Advaxis, Inc. (NASDAQ:ADXS), a clinical stage biotechnology company developing cancer immunotherapies, today announced that the U.S. Food and Drug Administration (FDA) has designated the Company’s lead immunotherapy candidate, axalimogene filolisbac (AXAL), as a Fast Track product for adjuvant therapy for high-risk locally advanced cervical cancer patients. The investigation of AXAL in this under-served population will be conducted in accordance with the Special Protocol Assessment (SPA) recently granted by the FDA.

“This Fast Track designation for AXAL comes on the heels of the SPA agreement and underscores the collaborative efforts of Advaxis and the FDA in expediting a medically significant clinical program.  This designation brings us one step closer to achieving our goal with the AIM2CERV trial, which aims to extend disease free survival for this serious and life-threatening condition and prevent disease recurrence,” said Daniel J. O’Connor, President and Chief Executive Officer of Advaxis.

In 2014, AXAL was granted FDA Orphan Drug designation for the treatment of invasive cervical cancer.

AXAL is a targeted immunotherapy which attacks human papillomavirus (HPV)-associated cancers by altering a live strain of Listeria monocytogenes (Lm) bacteria to generate cancer fighting T cells directed against the specific cancer antigen and neutralizing factors that protect the tumor microenvironment from immunologic attack and contribute to tumor growth.

The FDA established the Fast Track Drug Development Program under the FDA Modernization Act of 1997. The program is designed to facilitate the development and expedite the review of therapies intended to treat serious or life-threatening conditions and that demonstrate the potential to address unmet medical needs. The advantages of Fast Track designation include actions to help expedite development, including opportunities for frequent interactions with the FDA to discuss all aspects of development to support approval, eligibility for priority review at the time of Biologics License Application (BLA) submission and early review of portions of the application before submitting a complete application. (Original Source)

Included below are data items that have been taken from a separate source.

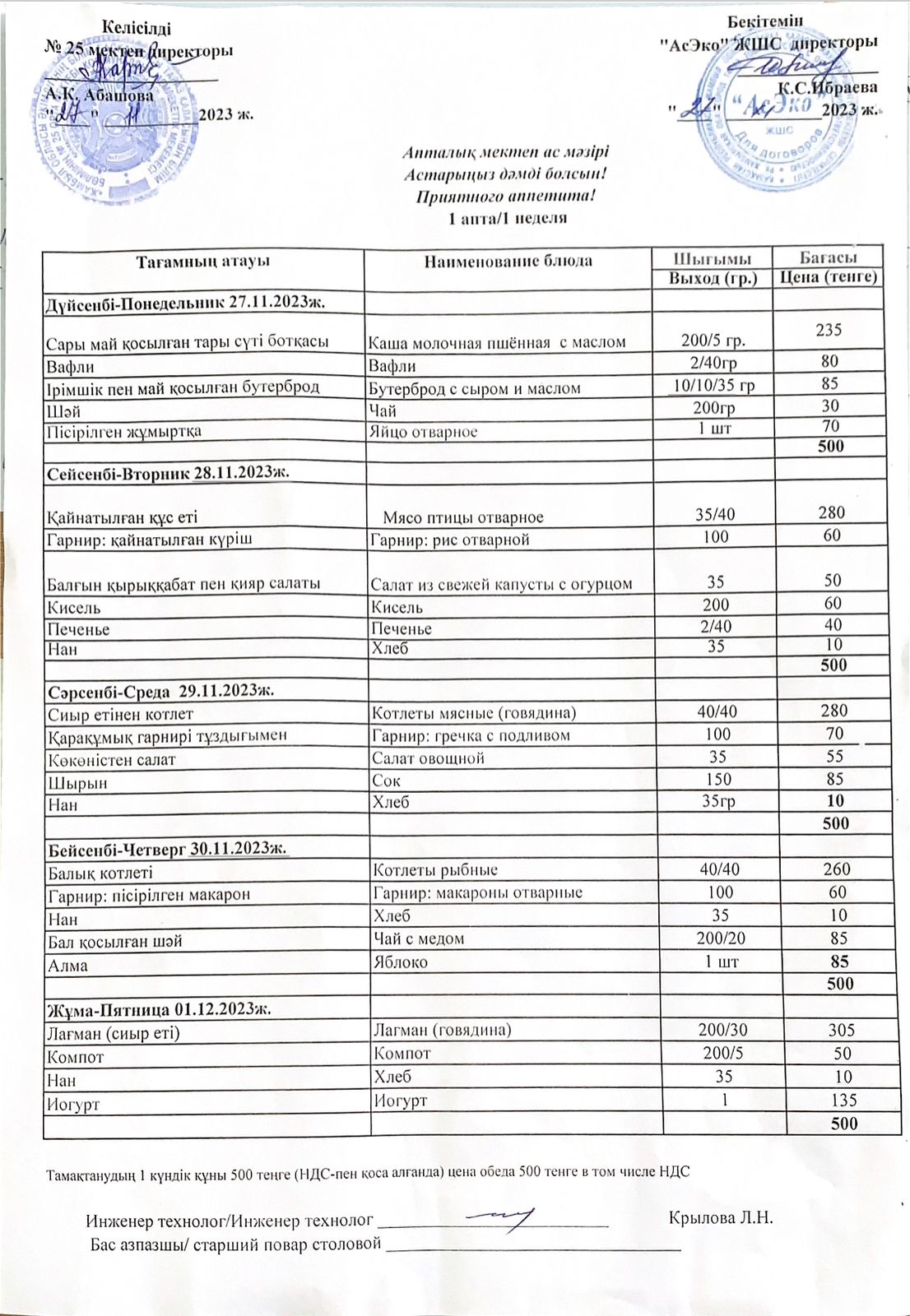 27/11/2023-01/12/2023 аралығында ас мәзірі
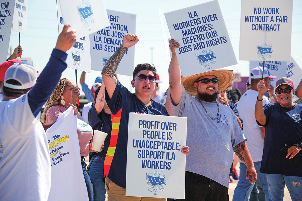 10月1日,美国东海岸和墨西哥湾沿岸30多个码头的数万名工人举行罢工,要求涨薪,反对港口机械设备自动化。新华社发(劳承跃摄)
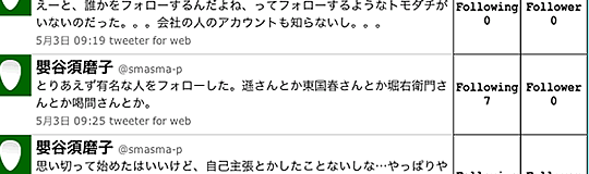 ■つぶやきの右隣に表示されているのは、その時点でのフォロー/フォロワーの数です。そこからも、彼女の置かれた状況を想像してみてください。
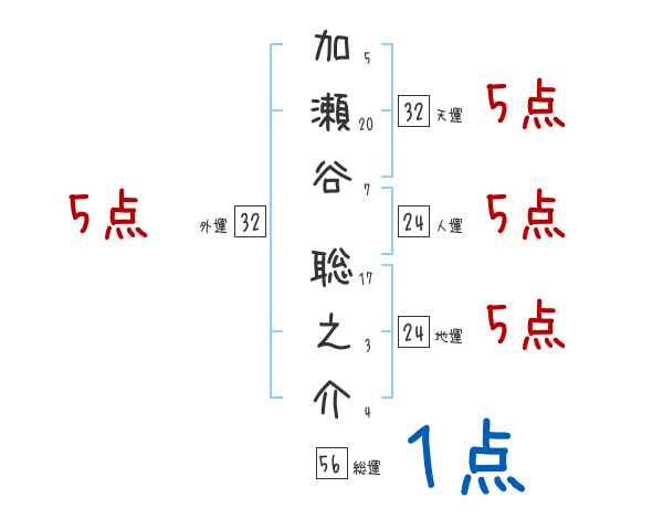 外運![]() | 加瀬谷聡之介さんの外運は32画の5つ星!柔軟性があり成功する。チャンスが多く金運が良い。 生活面を象徴する運勢です。外部から受ける影響力を表し、結婚運、家庭運や職場、環境への順応性を表します。 |
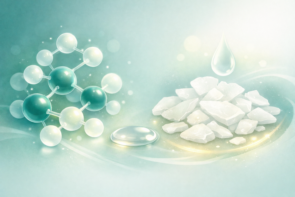 Cetyl alcohol is often misunderstood because of the word “alcohol.” Unlike drying alcohols, it belongs to the family of fatty alcohols—lipid-derived compounds known for their protective and softening properties. Widely used in dermatology and cosmetic science, it contributes to the smooth, velvety texture of creams while supporting the skin’s natural barrier.
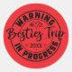 Sticker Rond Avertissement Besties Voyage en cours Noir sur Rou

Shares of Advaxis are up nearly 8% to $8.19 in pre-market trading. ADXS has a 1-year high of $22.20 and a 1-year low of $5.21. The stock’s 50-day moving average is $8.40 and its 200-day moving average is $8.00.

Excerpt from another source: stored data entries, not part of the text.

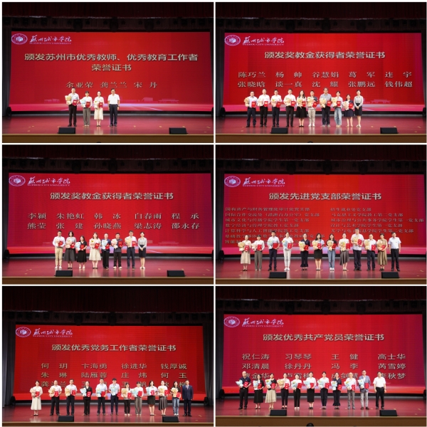 周玉玲宣读2022—2023年度苏州市优秀教师、苏州市优秀教育工作者,我校2023年建设银行奖教金,我校优秀共产党员、优秀党务工作者、先进党支部的表彰决定。党委常委、副校长周高颁发苏州市优秀教师、优秀教育工作者荣誉证书,党委常委、纪委书记、监察专员李萍颁发建设银行奖教金获得者荣誉证书,党委常委、副校长高雷颁发先进党支部荣誉证书,党委常委、副校长毛小勇颁发优秀党务工作者荣誉证书,党委常委、副校长吴昌政颁发优秀共产党员荣誉证书。
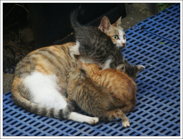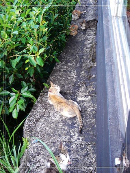 小貓們一臉無辜樣,髒兮兮的八字眉小臉,好可愛~~
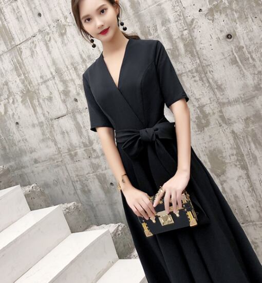 演奏会ドレス レディース パーティードレス 結婚式ドレス ワンピース ロングワンピース Vネック ウエストリボン ハイウエスト 半袖 きれいめ エレガント シンプル おしゃれ お呼ばれ フォーマル

On the ratings front, Advaxis has been the subject of a number of recent research reports. In a report issued on July 6, FBR analyst Vernon Bernardino reiterated a Buy rating on ADXS. Separately, on June 29, H.C. Wainwright’s Swayampakula Ramakanth reiterated a Buy rating on the stock and has a price target of $23.

According to, which ranks over 7,500 financial analysts and bloggers to gauge the performance of their past recommendations, Vernon Bernardino and Swayampakula Ramakanth have a total average return of -21.9% and -17.5% respectively. Bernardino has a success rate of 25.7% and is ranked #3985 out of 4073 analysts, while Ramakanth has a success rate of 25.2% and is ranked #3963.

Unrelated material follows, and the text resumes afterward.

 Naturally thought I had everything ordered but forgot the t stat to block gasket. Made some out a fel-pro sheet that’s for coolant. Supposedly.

Overall, 4 research analysts have given a Buy rating to the stock. When considering if perhaps the stock is under or overvalued, the average price target is $21.00 which is 177.4% above where the stock closed yesterday.

Advaxis, Inc. is a clinical-stage biotechnology company, which intends to develop immunotherapies for cancer and infectious diseases. The company’s platform technology is designed to generate a comprehensive immune response by serving as its own adjuvant, directing antigen presentation, increasing tumor infiltrating killer T-cells, and decreasing Tregs/MDSCs in the tumor.